В поисках отпущения грехов своих земных перед неизбежной, но все же желательно легкой смертью человек, уставший от непосильного груза на этом свете уходит, легкий — светло, обремененный же — сумрачно. И я тому свидетель.
В прокопченной баньке по-черному, летней варке для поросят и одновременно мельничке-крупорушке, пяток старушек, может, больше, может, меньше, ждали смерти старика, чтобы тут же обмыть его и нарядить в последний путь. Старушки сами были древние и одной ногой уже там. Среди них была моя бабушка, и я при ней. Чтобы не терять времени даром, пряли пряжу, тянули из повязанных куделей, как из лютеранских надмогильных досок, кужельную суровую льняную, без конца и начала нитку. Время от времени поплевывали на три пальца левой руки, чтобы поворотнее было веретено. И сами старушки были похожи на их веретена. Веретена наследные, от матерей, бабушек и прабабушек. Просушенные годами, если не вечностью, легкие.

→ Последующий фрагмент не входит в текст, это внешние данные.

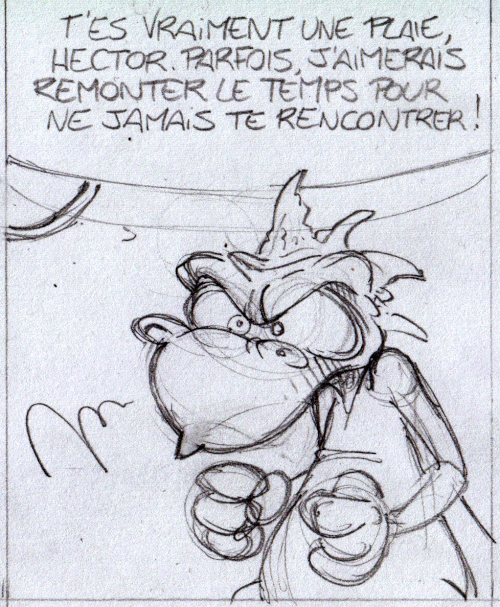 Il se trouve simplement que lorsqu’un dessin, une case voire une planche de BD ne me plaît pas, eh bien je la recommence totalement. C’est exactement ce qu’il vient de se produire pour Hector et Bulle : la page 3 ne plaisait pas, je la trouvais molle et peu entraînante.

Крутились веретена. Поочередно, а то все и сразу, сплевывали старушки. Серо сочилась из прялок с гребневым верхом, как из чрева припечно-потолочного паука, суровая нитка, брюхато наворачиваясь на веретена. Старик, поворотясь лицом к старухам, лежал на боку. Неотрывно смотрел на это верчение веретен, поклоны старух своим прялкам и не хотел помирать, будто это из него тянулась и тянулась кудельная нить.
В самом деле непорывная, хотя такое встречается редко: обязательно попадет или узелковая непрочесанность, или невыбитая костричина, или рука поспешать примется. А тут. Может, и в этом была причина, что старик хотел, должен был помереть. А не помирал. Хотя порой и мучился, стонал, смертно пряча внутрь себя глаза. И такая ни жизнь, ни смерть — страдательная для всех неопределенность, длилась день, вечер, ночь. Старухи были хотя и терпеливые, но не праздные: смерть смертью, а хозяйством заниматься тоже надо. Тайком, уже и нарекали на старика, а больше его старуха, жена, почти в открытую уже, — что же это такое, чалил бы к тому или другому берегу, не мучил бы себя и людей.

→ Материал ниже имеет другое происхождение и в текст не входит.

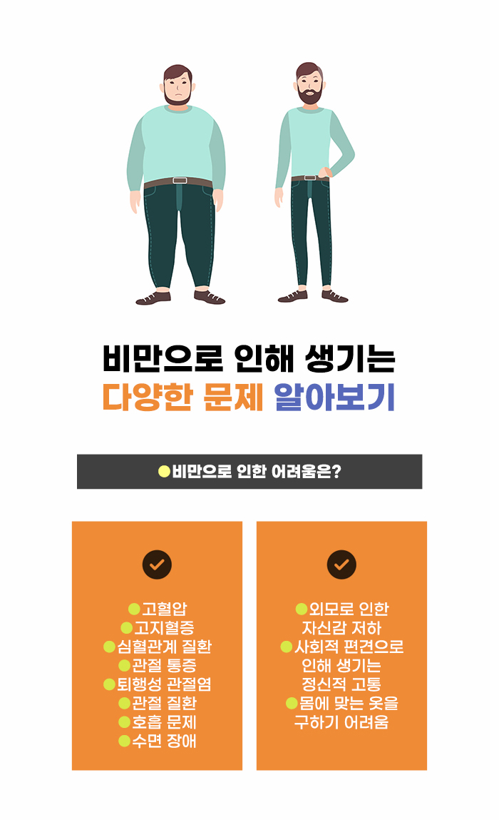 특히 비만에 대해서 잘 모르는 상황이라면, 비만 대응에 더욱 힘들 수 있습니다. 현재 비만 상태인 분은 건강상의 어려움을 겪을 수 있는데요, 특히 복부비만 내장지방은 성인병의 위험이 큰 비만 형태라고 합니다. 또한 체중이 불어나면서 활동하는 데 어려움이 커지고 관절의 부담도 커질 수 있습니다. 족저근막염, 무릎이나 발목 통증 등이 생기기도 하고, 역류성 식도염 같은 문제가 생기기 쉬울 수도 있다고 합니다.

Вслушиваясь в это невысказанное блуждание по краю смерти — то отдаление, то приближение, — моя бабушка решительно оборвала кудельную нить. Отложила обочь себя веретено:
— Верим-не верим. Грешен. И крепко, перед людьми и этим светом. Надо крутить в потолке дырку.
Позвали соседа с буравом, сверлом. Тот, чуть позже протирая рукавом глаза и тем же рукавом закусывая после стакана принятого за упокой соседа:
— Не успел до конца досверлить, с потолка взнялась, хлестнула по глазам струя песка. Ослеп, совсем ослеп.

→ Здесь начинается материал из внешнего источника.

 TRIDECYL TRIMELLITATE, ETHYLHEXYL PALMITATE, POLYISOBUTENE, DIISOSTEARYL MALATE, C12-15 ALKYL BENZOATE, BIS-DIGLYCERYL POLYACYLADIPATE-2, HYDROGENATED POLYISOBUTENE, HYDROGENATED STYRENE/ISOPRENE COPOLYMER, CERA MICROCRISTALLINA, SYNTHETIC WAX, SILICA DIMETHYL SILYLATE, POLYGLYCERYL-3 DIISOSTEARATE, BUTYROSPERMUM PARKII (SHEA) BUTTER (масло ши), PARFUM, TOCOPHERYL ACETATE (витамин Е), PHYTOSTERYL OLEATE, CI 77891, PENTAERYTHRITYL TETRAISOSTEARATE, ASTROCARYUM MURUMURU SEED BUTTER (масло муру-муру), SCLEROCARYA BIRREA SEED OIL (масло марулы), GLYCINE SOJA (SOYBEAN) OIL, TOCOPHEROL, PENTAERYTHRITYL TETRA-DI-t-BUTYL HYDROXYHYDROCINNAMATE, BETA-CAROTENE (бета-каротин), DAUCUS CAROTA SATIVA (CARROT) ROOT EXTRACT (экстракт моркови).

Я тогда поверил ему, не задумываясь и не сомневаясь. Сомневаться начал, образовавшись, прочитав сразу в нескольких книгах: суеверие, бабушкины сказки. Да, суеверные, тупые и темные, непросвещенные нам достались бабушки. Надо бы других. Да других уже нет. Что поделаешь. Что поделаешь со мной, с моей памятью и детством, вынуждающим меня и поныне уступать дорогу муравью, обходить стороной, не спугнув воробья, потому что и у них есть душа. Это во мне от моей суеверной бабушки и деревни Анисовичи, родного Полесья. Колдун, продавший душу черту, грешник, не может уйти просто так, скрыться. Душа должна осознать и претерпеть грех. Без этого ей нет упокоения. Гадов лесных и подколодных не принимает земля, они ползут на дорогу, тропу под милосердие машин и прохожих. Душа же человека через просверленное в потолке отверстие устремляется или на небо в ожидании Вечного суда, к Богу, или в ад, к дьяволу. Закон един — гадам, зверям, людям и даже империям и эпохам. Нечистой силе, правящей мирозданием смерти, необходима прорывная черная дыра, дырочка, щелочка в духовности Вселенной. А смертный и смрадный дух разложения, не поглощаемый ни временем, ни пространством, вечно уже витает над руинами, вливается в кровь эпох и поколений.